EXTRACTED RECORDS:
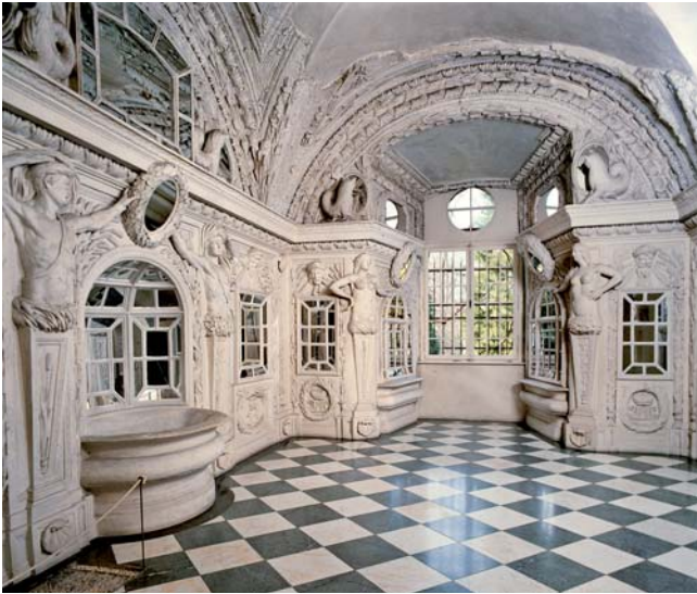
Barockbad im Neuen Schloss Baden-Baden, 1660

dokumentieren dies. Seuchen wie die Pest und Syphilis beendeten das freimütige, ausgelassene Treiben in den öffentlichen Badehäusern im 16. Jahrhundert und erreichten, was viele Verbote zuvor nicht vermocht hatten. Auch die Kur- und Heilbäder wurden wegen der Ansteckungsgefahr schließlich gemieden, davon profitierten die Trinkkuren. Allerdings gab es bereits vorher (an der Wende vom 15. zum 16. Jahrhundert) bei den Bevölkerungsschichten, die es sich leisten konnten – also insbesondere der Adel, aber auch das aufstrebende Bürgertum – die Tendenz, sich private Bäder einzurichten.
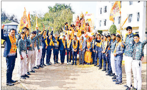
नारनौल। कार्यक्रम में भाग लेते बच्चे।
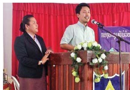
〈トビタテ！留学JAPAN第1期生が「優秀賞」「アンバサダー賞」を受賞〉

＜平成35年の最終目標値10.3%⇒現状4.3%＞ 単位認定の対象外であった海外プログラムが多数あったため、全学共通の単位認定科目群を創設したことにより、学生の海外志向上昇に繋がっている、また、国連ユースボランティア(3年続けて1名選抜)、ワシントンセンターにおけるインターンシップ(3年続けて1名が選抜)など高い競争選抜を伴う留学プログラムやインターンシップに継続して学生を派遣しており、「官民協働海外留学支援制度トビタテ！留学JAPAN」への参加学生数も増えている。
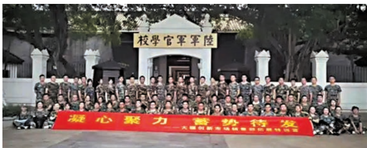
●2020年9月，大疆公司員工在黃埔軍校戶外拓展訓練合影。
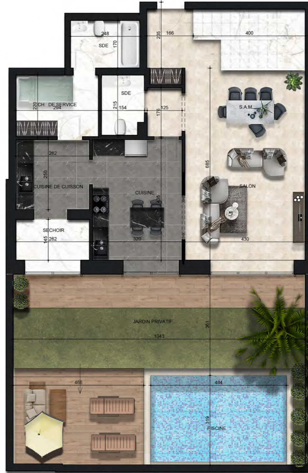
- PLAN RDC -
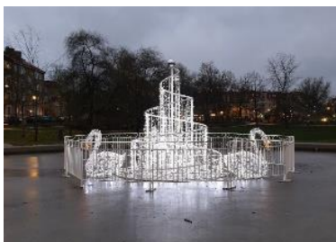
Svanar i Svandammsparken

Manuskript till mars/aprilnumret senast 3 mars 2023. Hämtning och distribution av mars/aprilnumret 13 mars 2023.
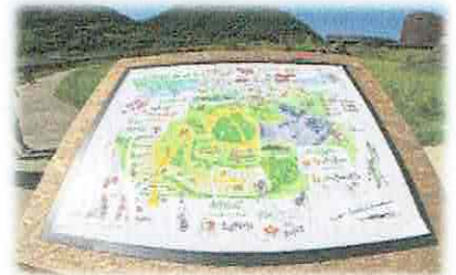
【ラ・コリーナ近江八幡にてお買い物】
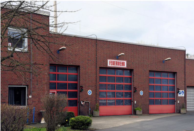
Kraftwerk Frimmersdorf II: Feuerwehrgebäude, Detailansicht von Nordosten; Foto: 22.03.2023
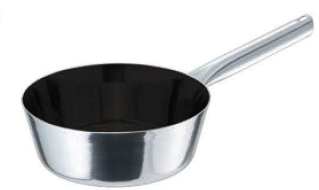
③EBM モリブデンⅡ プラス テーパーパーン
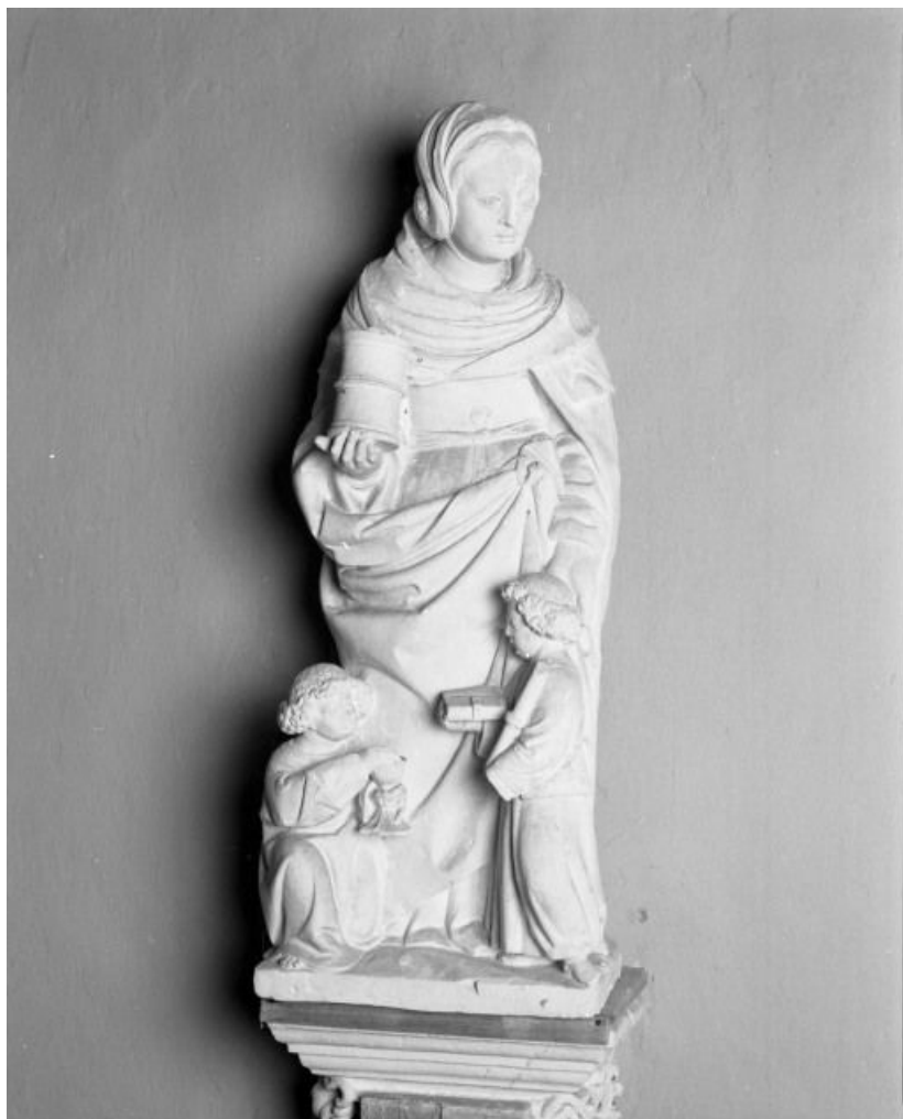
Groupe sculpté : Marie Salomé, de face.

EXERCISE AIM:
From the line containing "③EBM モリブデンⅡ プラス テーパーパーン" through the end of the entries, quote each line exactly and nothing else, excluding all pictures.

ANSWER SPACE:
③EBM モリブデンⅡ プラス テーパーパーン
Groupe sculpté : Marie Salomé, de face.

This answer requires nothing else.